Comme il l’explique clairement dans son avant-propos, pour le journaliste et » spécialiste » de l’Afrique Stephen Smith, le but premier du livre Noirs et Français ! est d’élargir son champ d’expertise du continent Africain aux banlieues parisiennes. En effet, ce livre écrit en collaboration avec sa consur Géraldine Faes commence par un argumentaire auto promotionnel. D’après les auteurs, pour comprendre un phénomène de société (même la nôtre), nous aurions besoin d’interprètes. Par conséquent, pour comprendre la » France noire « , Stephen Smith et Géraldine Faes nous proposent leurs services. » Si en refermant ce livre, le lecteur en convient, nous aurons atteint ce but » précisent-ils.
» Tout le monde l’admet à présent : il y a une question noire en France. » Ce postulat énoncé, les auteurs sont partis explorer la planète noire. Comme toute aventure du même genre, le périple ne fut pas sans embûche. Heureusement, les journalistes blancs purent compter sur l’aide de quelques autochtones. » Nous avons surmonté le handicap de notre mauvaise couleur de peau en faisant appel à des amis noirs qui ont assisté aux mêmes manifestations que nous mais sans être tenus à distance » expliquent-ils.
Qu’ont-ils donc découvert ? Sur ce point précis, leur bilan est assez maigre : si quelques indigènes semblent pacifiques, d’autres s’avèrent plus belliqueux. » C’est grâce à ce travail que nous pouvons révéler l’un des registres invisibles sur lesquels joue Dieudonné » annoncent-ils. Pourquoi pas ? Mais en quoi est-ce si important ?
Ce périple au cur des ténèbres commence le jeudi 23 septembre 2005 dans une salle louée à la Maison des Mines dans le Ve arrondissement de Paris.

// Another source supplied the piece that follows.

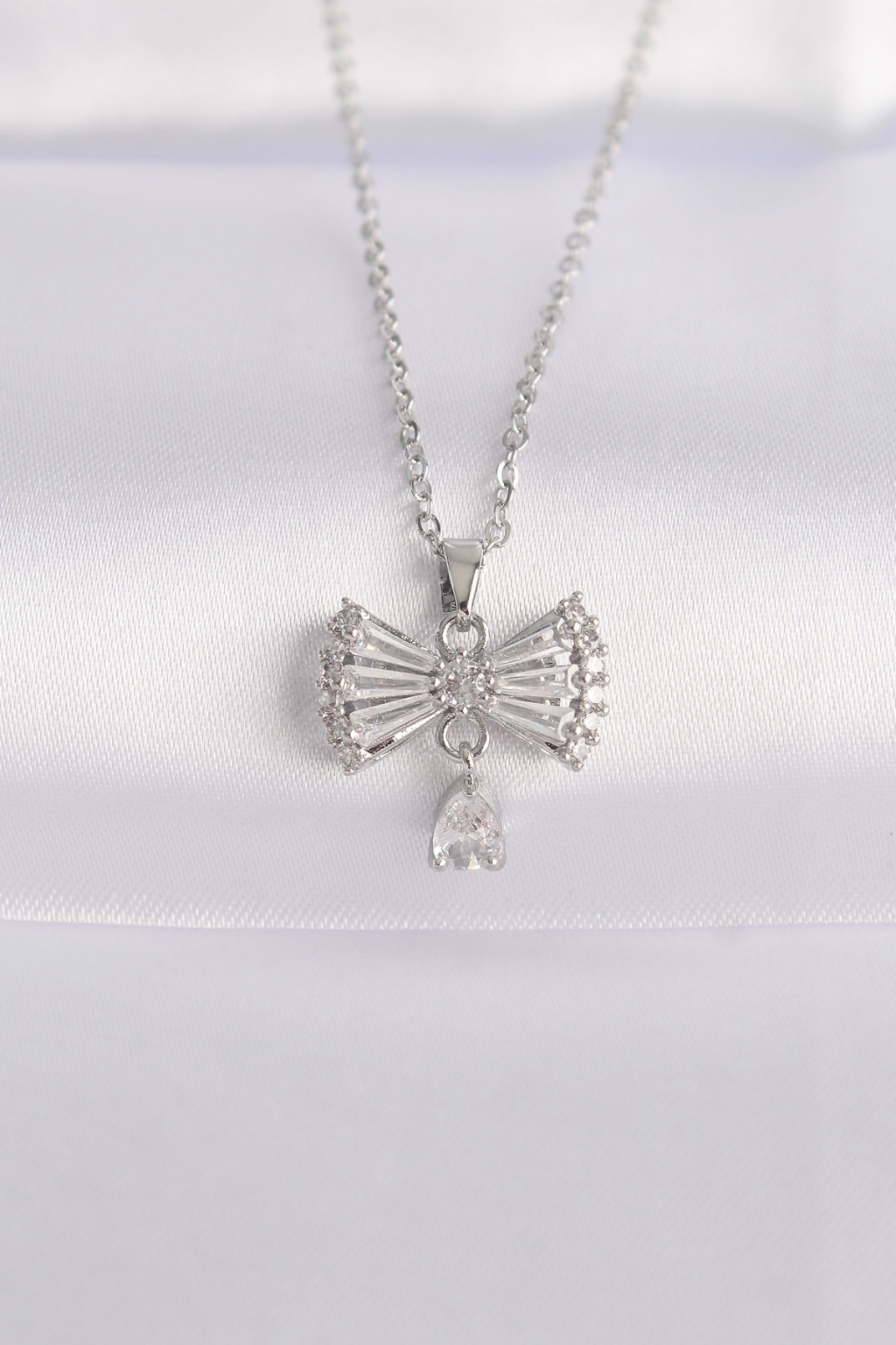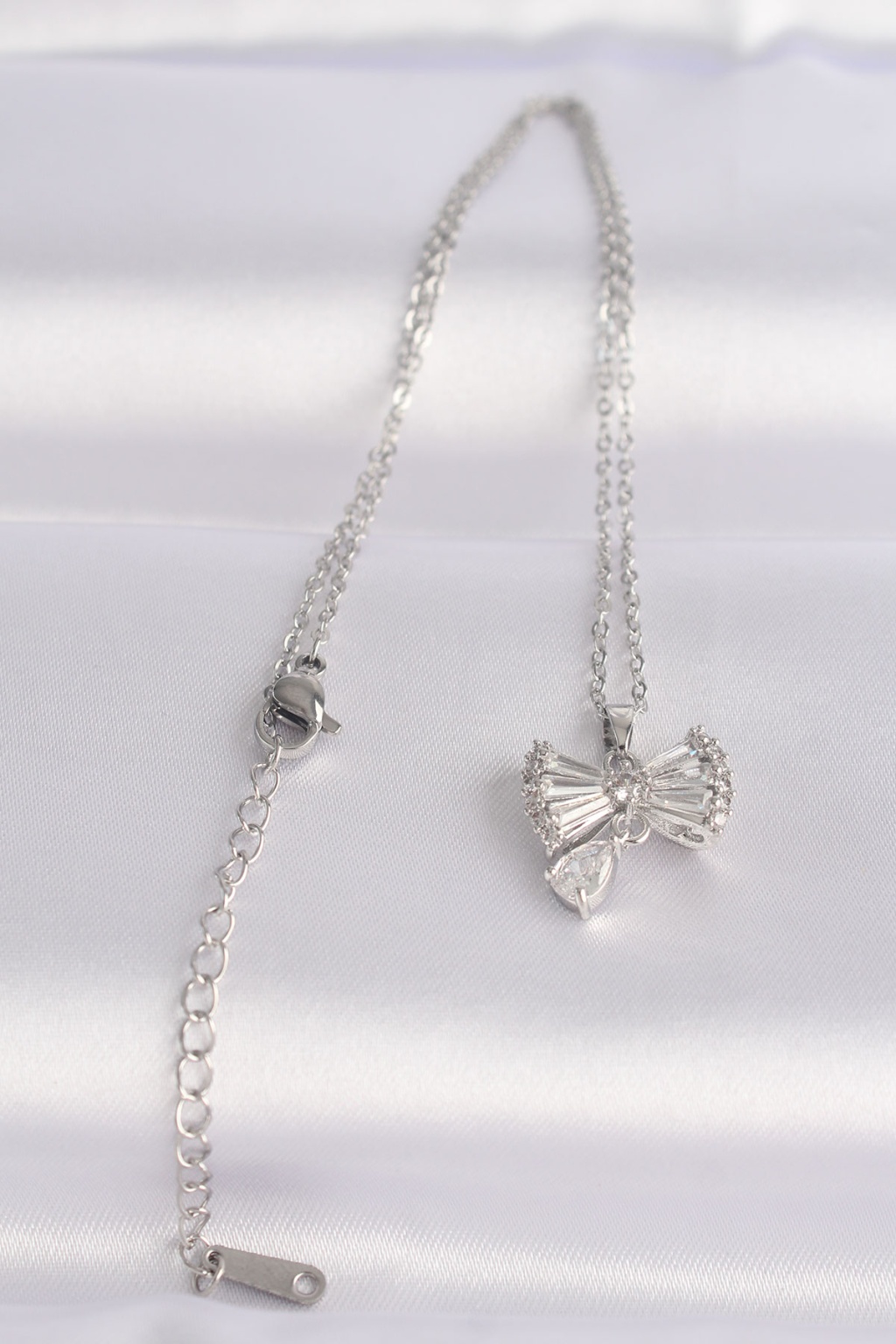 316L Çelik Zincir Gümüş Renk Zirkon Taşlı Kalp Detay Fiyonk Kolye - Lisinya
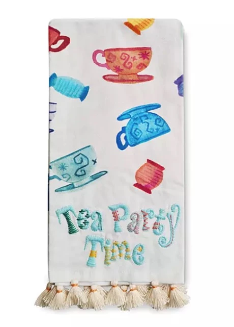 Celebrate very merry unbirthdays and mad tea parties in style with our colorfully fun kitchen towel covered in teacups and lanterns. Tassel trim and embroidered lettering are delicious details that will make your kitchen feel like a wonderland.

On y rencontre Kemi Seba, chef de la Tribu Ka. Mais nos journalistes semblent seulement préoccupés par le travail qui consiste à repérer et dénombrer ce qui semble être un ennemi. » La seule question d’intérêt est de savoir ce que ces voix, tantôt affligées tantôt agressives, représentent. Qui, en dehors des alvéoles militantes, fait de ce discours son miel ? » s’interrogent nos deux enquêteurs.
Après avoir longuement discuté de Noirs et Français ! avec quelques-uns parmi les membres de la communauté noire de France cités dans ce livre, notamment Joby Valente (actrice martiniquaise présidente du Mouvement pour une Nouvelle Humanité), ceux-ci semblent émettre de sérieux doutes quant à la réelle motivation et surtout la légitimité de Stephen Smith à prétendre les » étudier « .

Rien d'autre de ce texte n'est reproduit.